Part 6 (2/2)
”But it isn't true!” cried Anson, almost in a whine. ”Oh, West, how can you? You know I couldn't do such a thing!”
”Do you mean to say that you are quite innocent?”
”Oh, quite!” cried Anson. ”It was as I told you. I only asked the two poor hard-working fellows what they meant to do, and then to my utter astonishment Ingleborough pounced upon me with that terrible charge.
Help me, my dear friend, to make him see that he has deceived himself!”
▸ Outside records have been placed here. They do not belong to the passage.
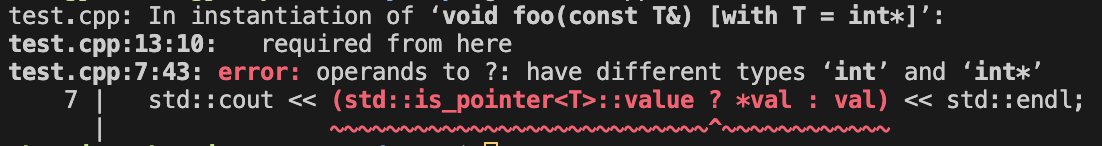 여기서 <type_traits>에 정의된 std::is_pointer trait를 사용하여 타입 T가 포인터 타입인지 체크합니다. 사실 is_pointer<>는 ::value가 true이거나 false인 true_type 또는 false_type이라는 데이터 타입을 반환합니다. 만약 전달된 파라미터 val이 포인터라면 foo() 함수는 아래와 같이 출력합니다.
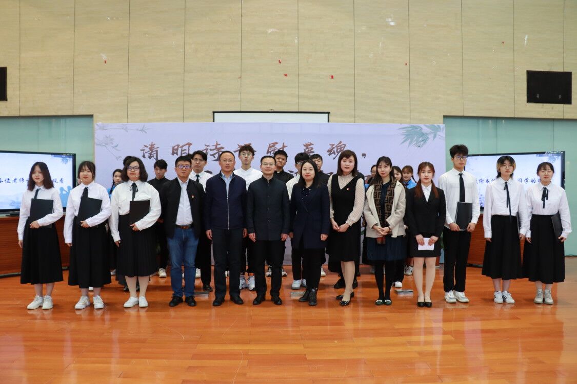 “今日在篱下,山花烂漫,春荣如是。临近清明雨纷纷,缅怀先烈忆忠魂。”新闻学院分团委书记李晞老师一首娓娓道来的《清明追忆》拉开了诗会的序幕,将现场师生带入了肃穆缅怀的情境中。接着,张棕翔同学声情并茂地朗读了《冷少农烈士家书》,轻轻表露这位早期隐蔽战线的英雄,面对家人误解却又无怨无悔的内心世界“母亲,我真的是不忠不孝,忘恩负义吗?我是把我的孝移去孝顺大多数痛苦的人类,忠实的去为他们努力。”陶佳洁和李博伟两位老师合作朗诵了陈觉和赵云霄革命伉俪在为人民解放事业献出生命时的遗书,真切表达了对爱人对女儿的真情与嘱托。马驭同学的演讲《缅怀永远不能忘却的伟人》和集体诗朗诵《毛泽东诗词三首》缅怀了党和人民共和国的伟大缔造者毛泽东主席,用铿锵有力的诗句让大家感受到伟大领袖的思想风范。秦曼科同学的主题演讲《传承先烈遗志,做新时代中国青年》与赵妮妮同学的朗诵《新时代的赞歌》将师生们的思绪从历史的深深怀思中带到了繁荣奋进的新时代。“有一首歌,鼓起理想的风帆,填平征途的沟壑……”伴随着最后一首诗朗诵《有一首歌》,现场气氛达到高潮,在全场师生共同演唱《没有共产党就没有新中国》的激昂旋律中,诗会圆满结束。
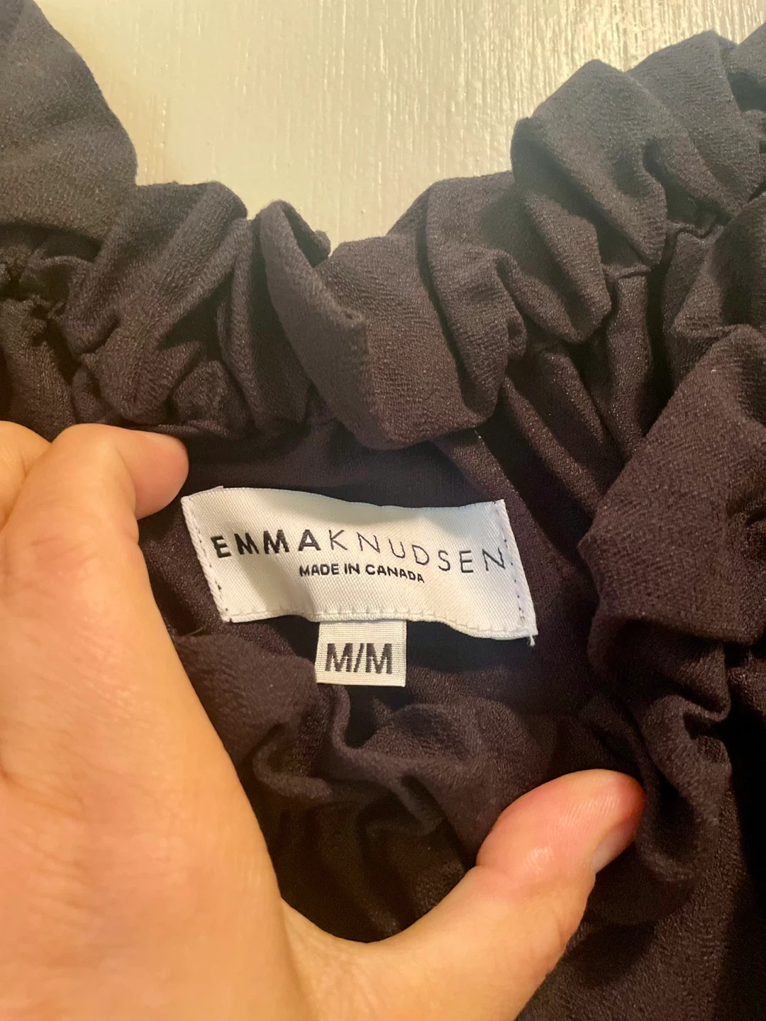 Selling a lovely black blouse from Emma Knudsen! It's a size M/M and in great condition. This top is perfect for a casual day out or dressed up for an evening event. Made in Canada!
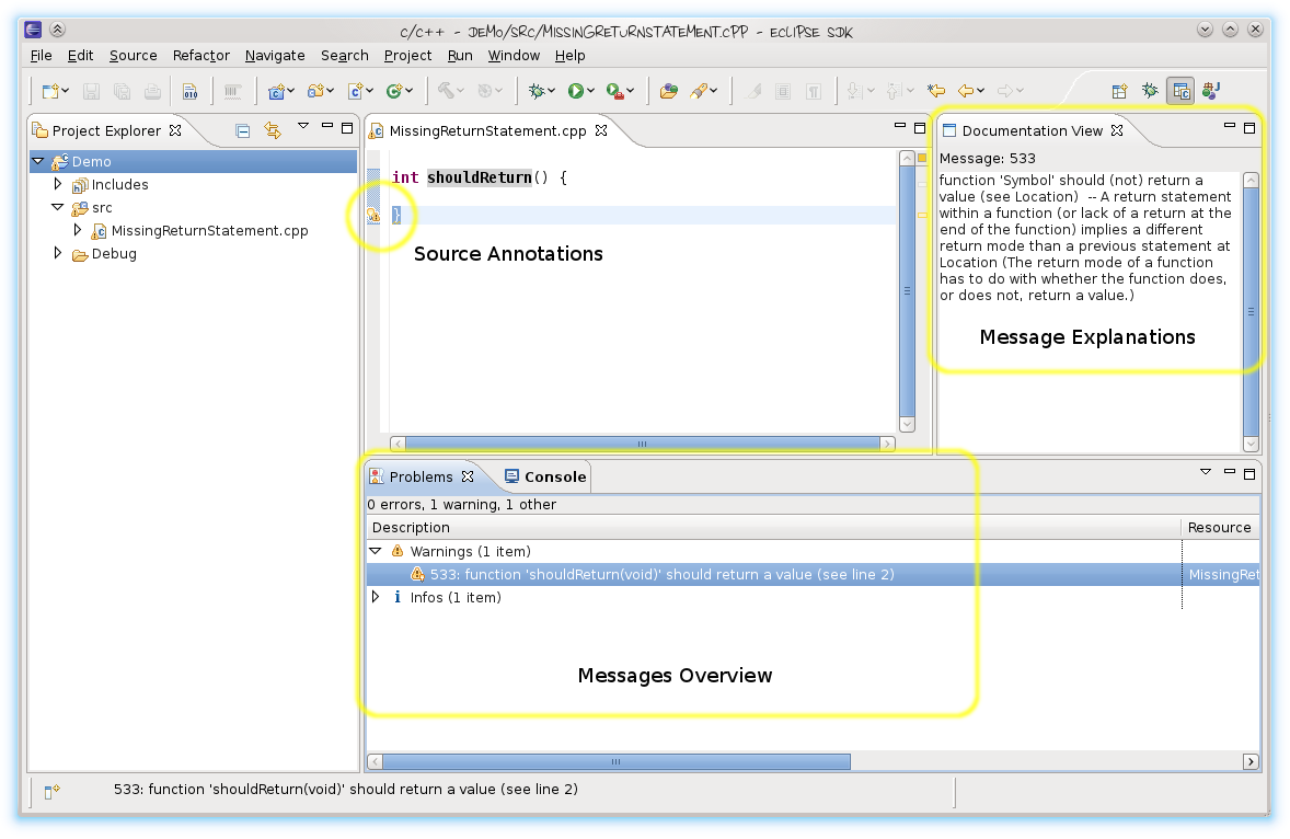 Lint provides valuable feedback on programming style and common programmer mistakes. Our Linticator plug-in for Eclipse CDT runs Lint (PC-lint Plus, Flexe/PC-Lint) and annotates your source code with Lint messages. For some messages, we provide quickfixes that let you quickly correct a warning.

”Do you hear, Ingle?” cried West sympathetically. ”It is a terrible charge to bring against a fellow.”
”Terrible!” said Ingleborough sternly.
”And you have thought what it means?”
”Of course.”
”His dismissal and imprisonment?”
”Yes.”
”But--”
”There is no room for buts, my lad,” said Ingleborough harshly.
”Diamond-buying from the natives is, as we all well know, penal; and we know, too, that it is our duty to help to protect the property of our employers, and to see that the laws are obeyed.”
”Of course, my dear Ingleborough,” said Anson; ”and that's what I have always tried to do, as you know.”
”I know that you have been playing a false game for months--that is, I feel perfectly sure you have, though I cannot prove it. But this I can prove: that you were buying stolen diamonds from two natives this afternoon, all parties choosing the time because you believed the excitement would secure you from notice.”
”Oh, West, hark at him!” cried Anson, in a piteous tone. ”Ingleborough, you don't know how wrong you are!”
”That's true!” said their fellow-clerk.
”Look here, Anson,” cried West angrily; ”what's the good of going on like a great girl--oh-ing, and making weak appeals? Why don't you speak out like a man? Is it true, or is it not, that you bought these diamonds?”
”It's all a mistake of Ingleborough's and as false as false can be! I couldn't do such a thing!”
”Nor yet throw them away as soon as you found that you were seen?”
”Of course not!” cried Anson excitedly.
”What are these, then?” cried Ingleborough sternly, as he took a couple of rough crystals from his trousers pocket and held them out in his hand to the astonished gaze of his comrades.
”Those?” said Anson, whose face began to turn of a sickly green; ”they look like diamonds.”
”Yes: they are the two that you threw away, and which I went and picked up.”
”Oh!” cried Anson, with a piteous groan; ”hark at him, West! I wouldn't have believed that a man could have been so base as to hatch up such a plot as this to ruin his brother-employe. West, I a.s.sure you that I never set eyes upon those diamonds before in my life. It's all a cruel, dastardly plot, and I--Oh dear! Oh dear! Oh dear! Is it possible that a man can be so base?”